Ingredients
Makes 4 servings
1½ cups (6 ounces) bite-size cauliflower pieces
1½ tablespoons extra-virgin olive oil
1 large clove garlic, minced
½ teaspoon finely chopped fresh rosemary or ¼ teaspoon dried crushed rosemary
⅛ teaspoon sea salt, or to taste
⅛ teaspoon freshly ground white or black pepper, or to taste
⅛ teaspoon hot red pepper flakes, or to taste
2 whole grain soft flatbreads, pocketless pitas, or lavash
3 ounces thinly sliced or shredded provolone cheese
1 tablespoon freshly grated Pecorino Romano cheese
1 tablespoon coarsely chopped fresh flat-leaf parsley

Broccoli’s pale cousin has only 15 calories per half-cup—and almost half of a kids’ daily vitamin C needs. What’s more, cauliflower contains isothiocyanates, a natural chemical compound that studies suggest may help protect against certain types of cancer.
Directions
Preheat oven to 450°.
Toss the cauliflower with the olive oil, garlic, rosemary, salt, pepper, and red pepper flakes in a medium bowl.

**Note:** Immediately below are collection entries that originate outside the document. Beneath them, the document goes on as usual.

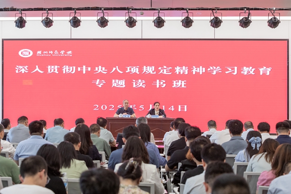 5月14日至15日,学校举办深入贯彻中央八项规定精神学习教育专题读书班,读书班采取专题党课、专家辅导报告、专题研讨、个人自学等方式结合进行。校党委书记许慧霞出席相关活动并讲授专题党课,校领导班子成员、中层干部、科级干部等参加了各项学习。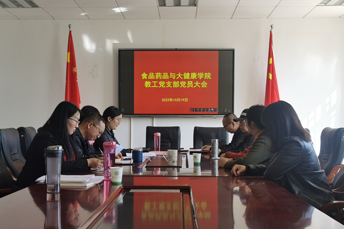 随后,食品药品与大健康学院教工党支部、学生党支部召开党员大会,组织全体党员认真学习研讨习近平总书记代表第十九届中央委员会向大会作的报告。两个支部党员在观看党的二十大开幕会的基础上,再次集中学习研讨,并联系实际工作谈认识理解、谈体会感悟。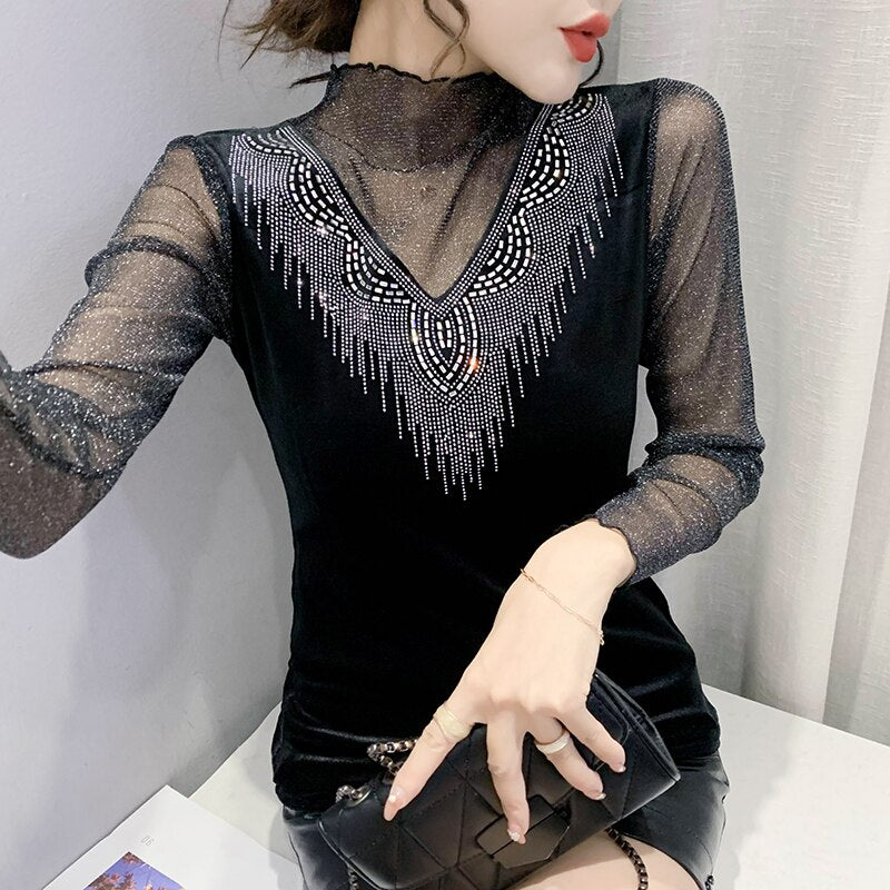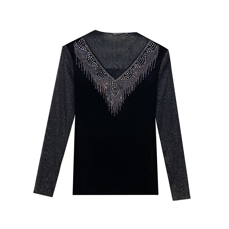 Autumn Winter Long Sleeved Mesh Tops Shirt Fashion Casual Diamonds Patchwork Women's T-Shirt Plus Size Female Clothing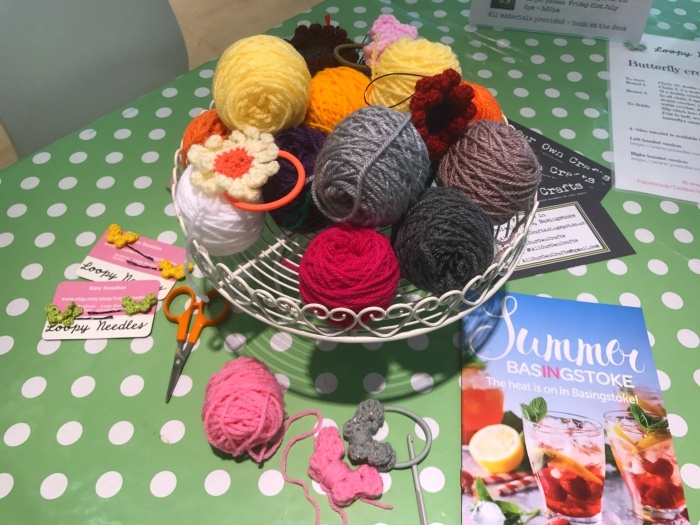 While I was there I tried my hand at making a crochet butterfly. This was one of the different craft workshops that was being run for the Made in Basingstoke festival. The shop may be at different locations, so keep an eye on their Facebook page.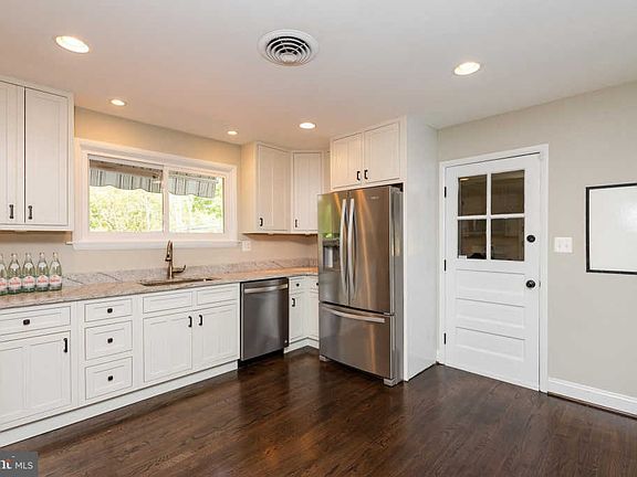 Gorgeous renovated rancher with fully finished basement is perfectly set on a premium lot! Enter to find light filled living spaces with newly refinished hardwood floors spanning main level. Stylish updates in chef's kitchen boasting stainless steel appliances, white shaker cabinets, granite countertops, and open back yard views! Relax in spacious living room with bright bay window and cozy fireplace. Main level owner's suite features dual closets and updated attached full bathroom. Expansive fully finished walkout lower level with rec room, laundry, and ample storage accesses sprawling 1/2 acre lot with play area and party sized deck with retractable awning! This home is move-in ready today!

Top the entire surface of each flatbread with the provolone, then the cauliflower mixture, and finally the Pecorino Romano cheese. (By not leaving a crust, you avoid having it come out too brown—or left on the plate by kids who claim they don’t like crust.)
Place both pizzettes on a large baking sheet and bake until the cauliflower is tender and beginning to caramelize and the crust is crisp, 16 minutes.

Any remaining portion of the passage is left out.